**Work request**
Reproduce every record below exactly, with the pictures left out.

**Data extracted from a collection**

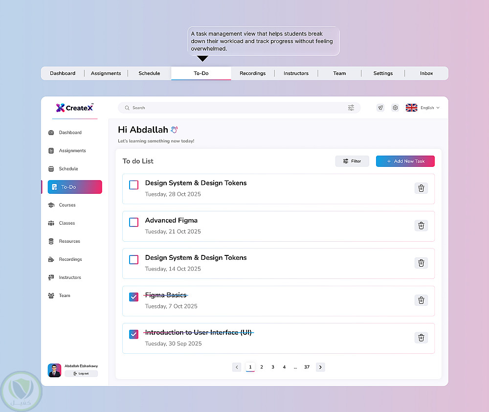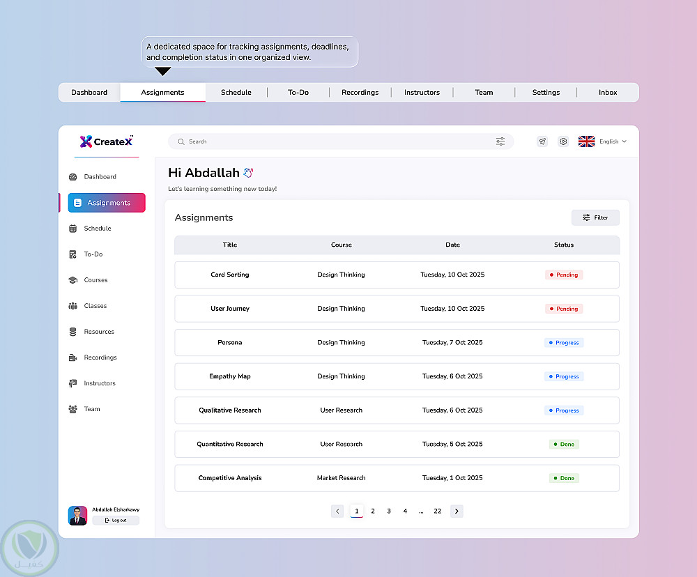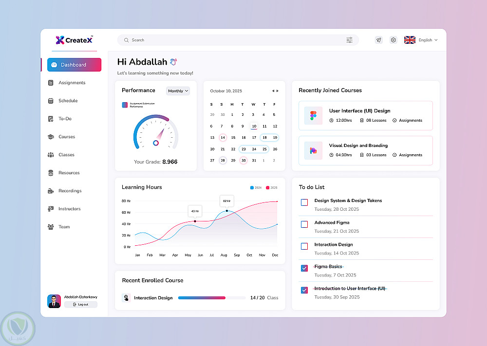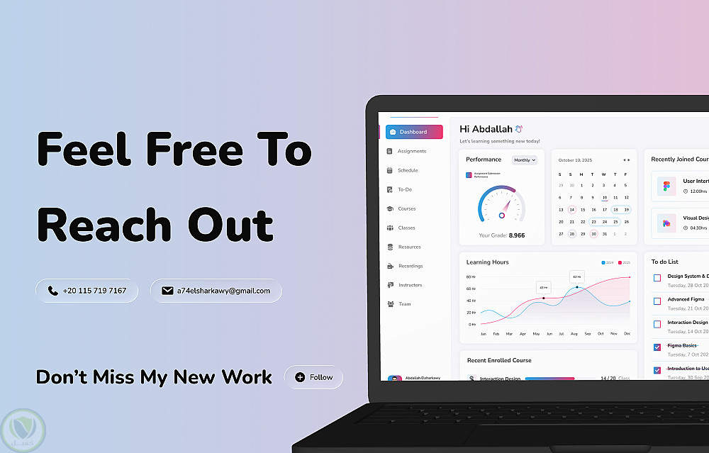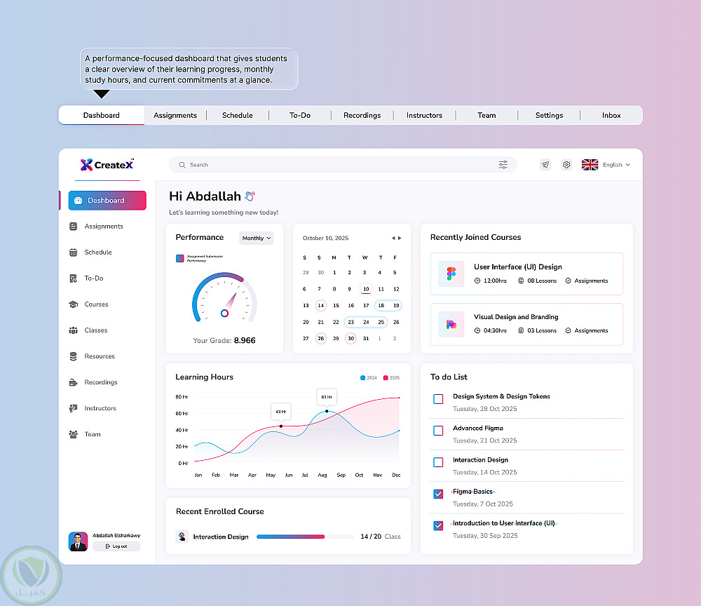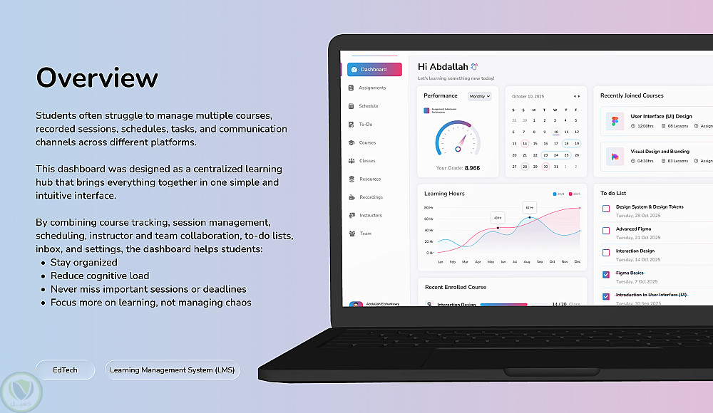 تصميم لوحة تحكم للطالب مخصصة لمنصات التعليم والكورسات الأونلاين، تهدف إلى مساعدة الطالب على متابعة رحلته التعليمية بسهولة ووضوح من خلال واجهة مستخدم حديثة وتجربة استخدام بسيطة.
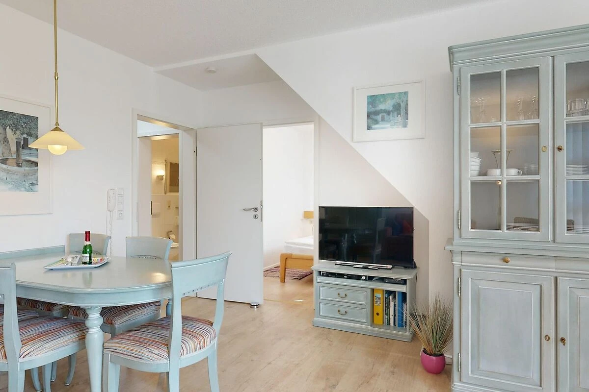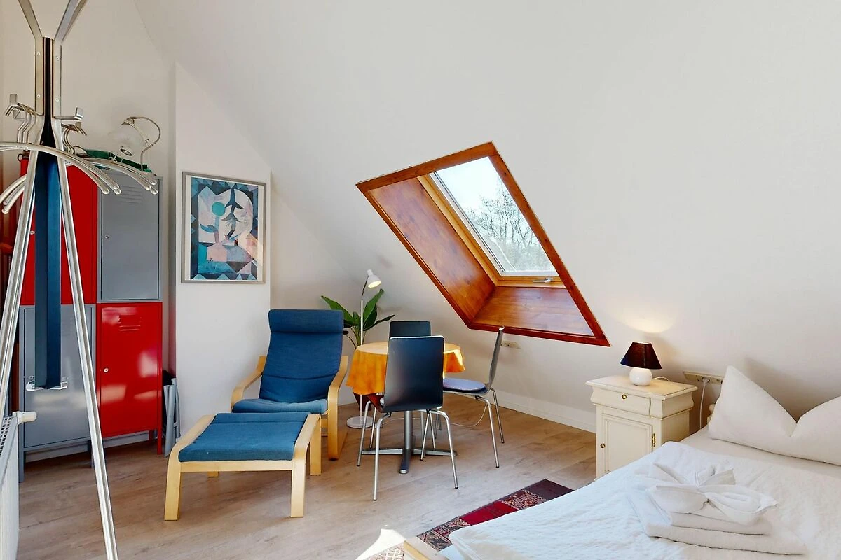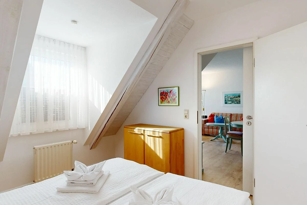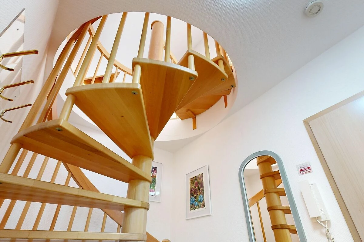 über eine Wendeltreppe mit offenen Zugang gelangen Sie ins Dachgeschoss, wo sich das Schlafzimmer mit den zwei Einzelbetten und dem zusätzlichen TV befindet
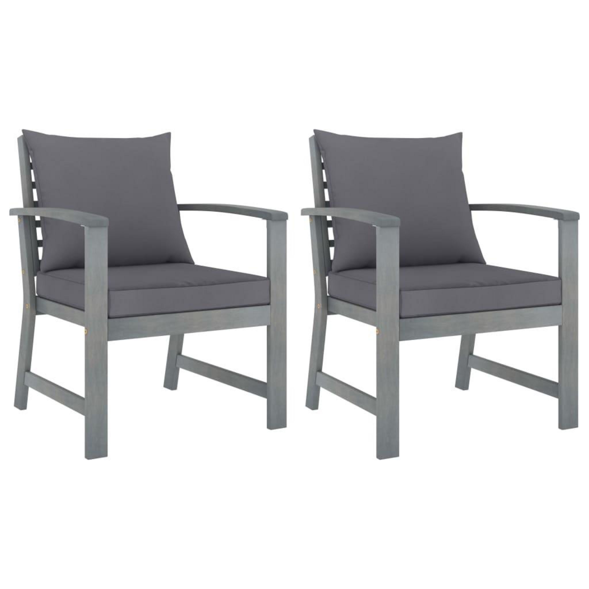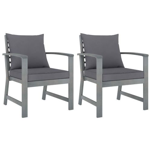 Chaises de jardin lot de 2 avec coussins gris fonce Bois acacia
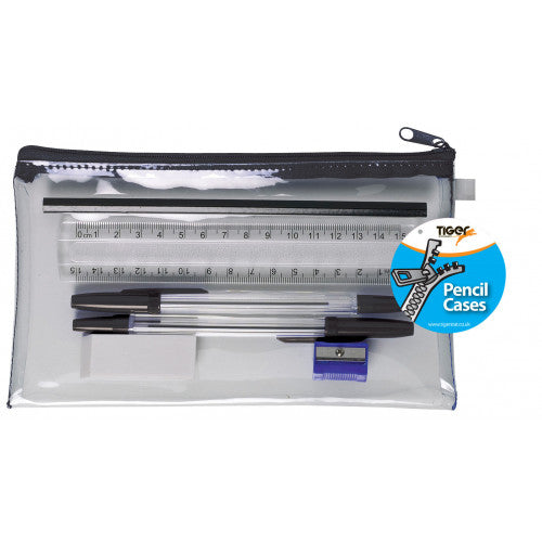 Clear (Exam style) 8 x 4inch/20 x 10cm pencil case with clear insert holding: 6in/15cm rule, HB Pencil, 2 black ball point pens, pencil sharpener and eraser.
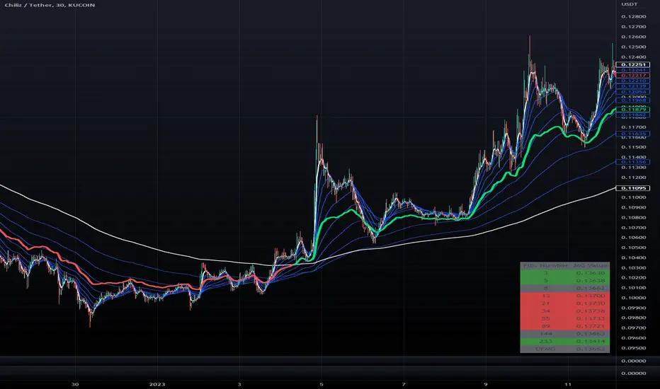 The FibMG lengths of 3 and 233 are plotted in white by default, the FibMGs with lengths between 3 and 233 are plotted in blue by default, and the democratic line (DFMG) that averages these lines is plotted in green or red depending on if the value is above or below the 233-length FibMG.

**Exercise answer**
 تصميم لوحة تحكم للطالب مخصصة لمنصات التعليم والكورسات الأونلاين، تهدف إلى مساعدة الطالب على متابعة رحلته التعليمية بسهولة ووضوح من خلال واجهة مستخدم حديثة وتجربة استخدام بسيطة.
 über eine Wendeltreppe mit offenen Zugang gelangen Sie ins Dachgeschoss, wo sich das Schlafzimmer mit den zwei Einzelbetten und dem zusätzlichen TV befindet
 Chaises de jardin lot de 2 avec coussins gris fonce Bois acacia
 Clear (Exam style) 8 x 4inch/20 x 10cm pencil case with clear insert holding: 6in/15cm rule, HB Pencil, 2 black ball point pens, pencil sharpener and eraser.
 The FibMG lengths of 3 and 233 are plotted in white by default, the FibMGs with lengths between 3 and 233 are plotted in blue by default, and the democratic line (DFMG) that averages these lines is plotted in green or red depending on if the value is above or below the 233-length FibMG.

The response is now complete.